Action item:
Your answer must be only the lines below from the one containing "Bone – Babinsa" through the one containing "- HOW IT WORKS: Our", copied exactly, with the pictures left out.

Input data:

Content starts

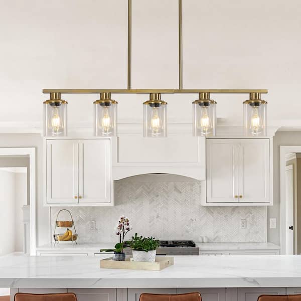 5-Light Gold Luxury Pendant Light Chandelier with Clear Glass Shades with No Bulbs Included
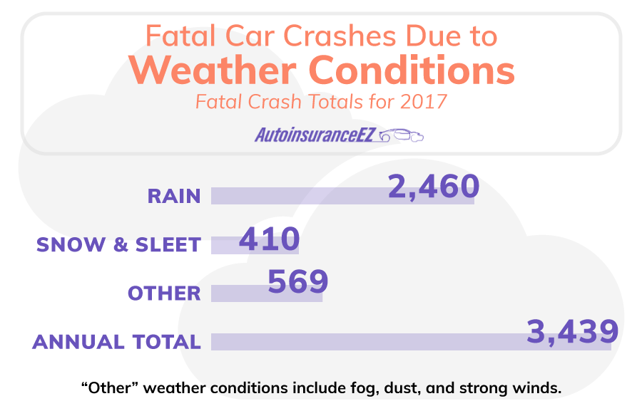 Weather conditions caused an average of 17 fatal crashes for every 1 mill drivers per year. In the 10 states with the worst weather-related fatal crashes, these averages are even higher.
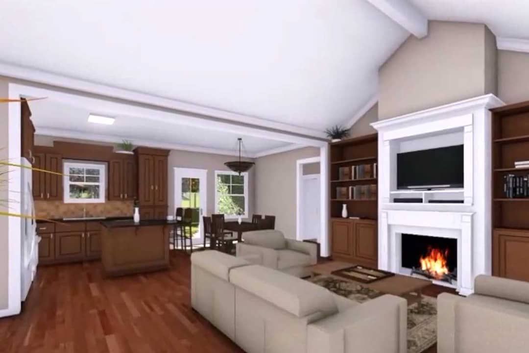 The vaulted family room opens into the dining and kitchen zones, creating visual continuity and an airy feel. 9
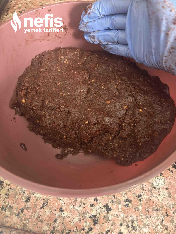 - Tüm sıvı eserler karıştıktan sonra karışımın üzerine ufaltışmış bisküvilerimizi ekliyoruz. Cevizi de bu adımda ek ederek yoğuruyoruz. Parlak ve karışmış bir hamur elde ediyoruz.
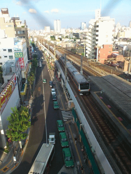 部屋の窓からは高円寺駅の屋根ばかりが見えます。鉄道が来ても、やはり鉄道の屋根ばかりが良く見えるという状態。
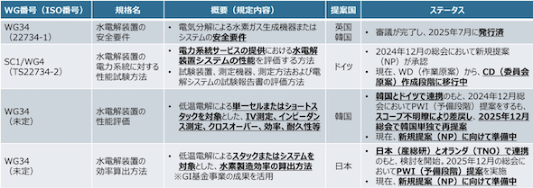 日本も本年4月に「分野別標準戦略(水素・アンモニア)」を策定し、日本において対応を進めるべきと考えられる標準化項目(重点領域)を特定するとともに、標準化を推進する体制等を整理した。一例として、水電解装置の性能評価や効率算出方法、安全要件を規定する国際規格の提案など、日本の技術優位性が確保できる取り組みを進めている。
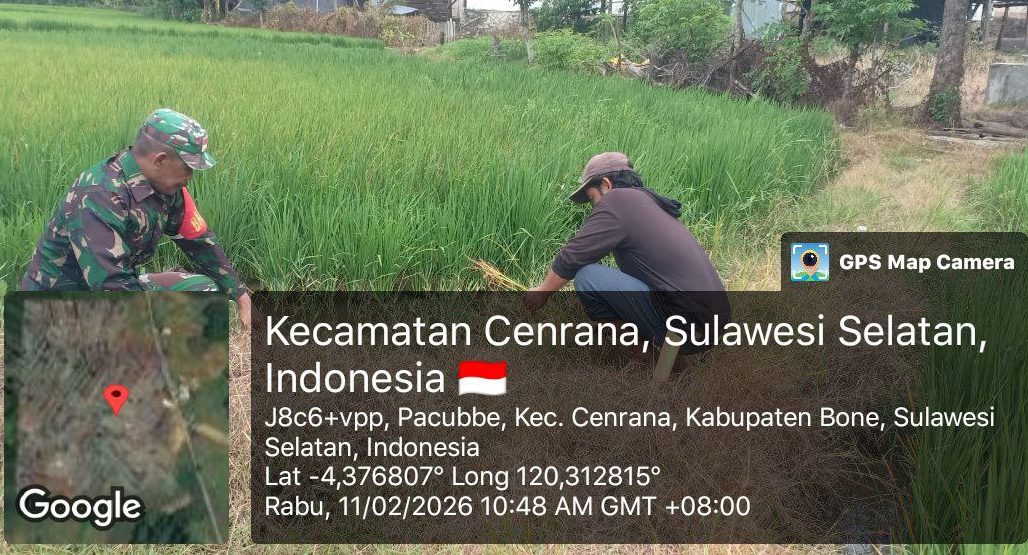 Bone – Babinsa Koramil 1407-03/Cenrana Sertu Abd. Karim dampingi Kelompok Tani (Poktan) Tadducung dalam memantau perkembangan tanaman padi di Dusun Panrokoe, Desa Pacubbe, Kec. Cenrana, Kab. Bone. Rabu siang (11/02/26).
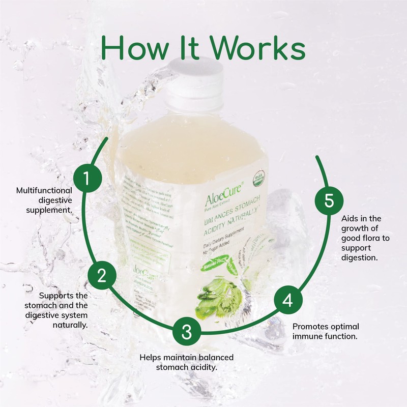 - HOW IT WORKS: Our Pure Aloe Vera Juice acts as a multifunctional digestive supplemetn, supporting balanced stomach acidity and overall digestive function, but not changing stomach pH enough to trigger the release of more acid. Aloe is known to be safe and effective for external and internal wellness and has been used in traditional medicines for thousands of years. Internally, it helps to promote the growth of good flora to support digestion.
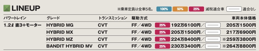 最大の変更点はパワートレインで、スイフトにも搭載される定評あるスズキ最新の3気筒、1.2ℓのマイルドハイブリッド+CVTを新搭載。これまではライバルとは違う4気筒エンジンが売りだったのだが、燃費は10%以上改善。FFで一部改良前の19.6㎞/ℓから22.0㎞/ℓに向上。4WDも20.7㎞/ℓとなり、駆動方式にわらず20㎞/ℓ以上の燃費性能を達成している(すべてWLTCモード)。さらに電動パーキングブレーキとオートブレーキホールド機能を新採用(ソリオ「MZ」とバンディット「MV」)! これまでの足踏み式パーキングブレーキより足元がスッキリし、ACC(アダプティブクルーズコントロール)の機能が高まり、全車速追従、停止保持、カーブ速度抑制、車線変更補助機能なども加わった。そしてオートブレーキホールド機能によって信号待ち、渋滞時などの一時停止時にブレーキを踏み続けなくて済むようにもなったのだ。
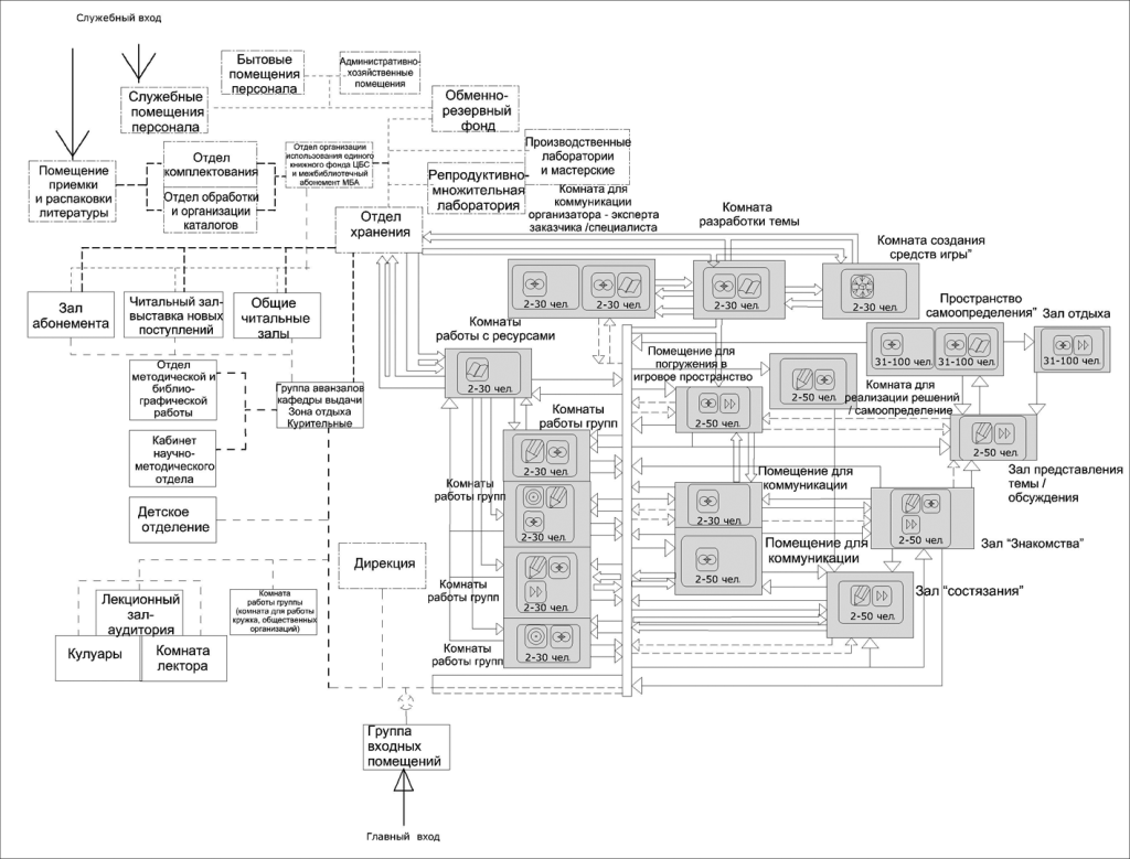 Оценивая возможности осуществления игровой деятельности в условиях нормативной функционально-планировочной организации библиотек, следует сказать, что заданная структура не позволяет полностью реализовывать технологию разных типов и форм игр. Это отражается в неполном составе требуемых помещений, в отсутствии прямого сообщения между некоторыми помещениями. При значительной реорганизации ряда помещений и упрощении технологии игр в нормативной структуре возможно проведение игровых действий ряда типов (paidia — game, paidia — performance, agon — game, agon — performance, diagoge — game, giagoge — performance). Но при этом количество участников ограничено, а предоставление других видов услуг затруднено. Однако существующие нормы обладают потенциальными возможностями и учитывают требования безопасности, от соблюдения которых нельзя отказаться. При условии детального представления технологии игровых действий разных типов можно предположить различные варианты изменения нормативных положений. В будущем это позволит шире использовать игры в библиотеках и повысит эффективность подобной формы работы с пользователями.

Content ends

Reply to the exercise:
 Bone – Babinsa Koramil 1407-03/Cenrana Sertu Abd. Karim dampingi Kelompok Tani (Poktan) Tadducung dalam memantau perkembangan tanaman padi di Dusun Panrokoe, Desa Pacubbe, Kec. Cenrana, Kab. Bone. Rabu siang (11/02/26).
 - HOW IT WORKS: Our Pure Aloe Vera Juice acts as a multifunctional digestive supplemetn, supporting balanced stomach acidity and overall digestive function, but not changing stomach pH enough to trigger the release of more acid. Aloe is known to be safe and effective for external and internal wellness and has been used in traditional medicines for thousands of years. Internally, it helps to promote the growth of good flora to support digestion.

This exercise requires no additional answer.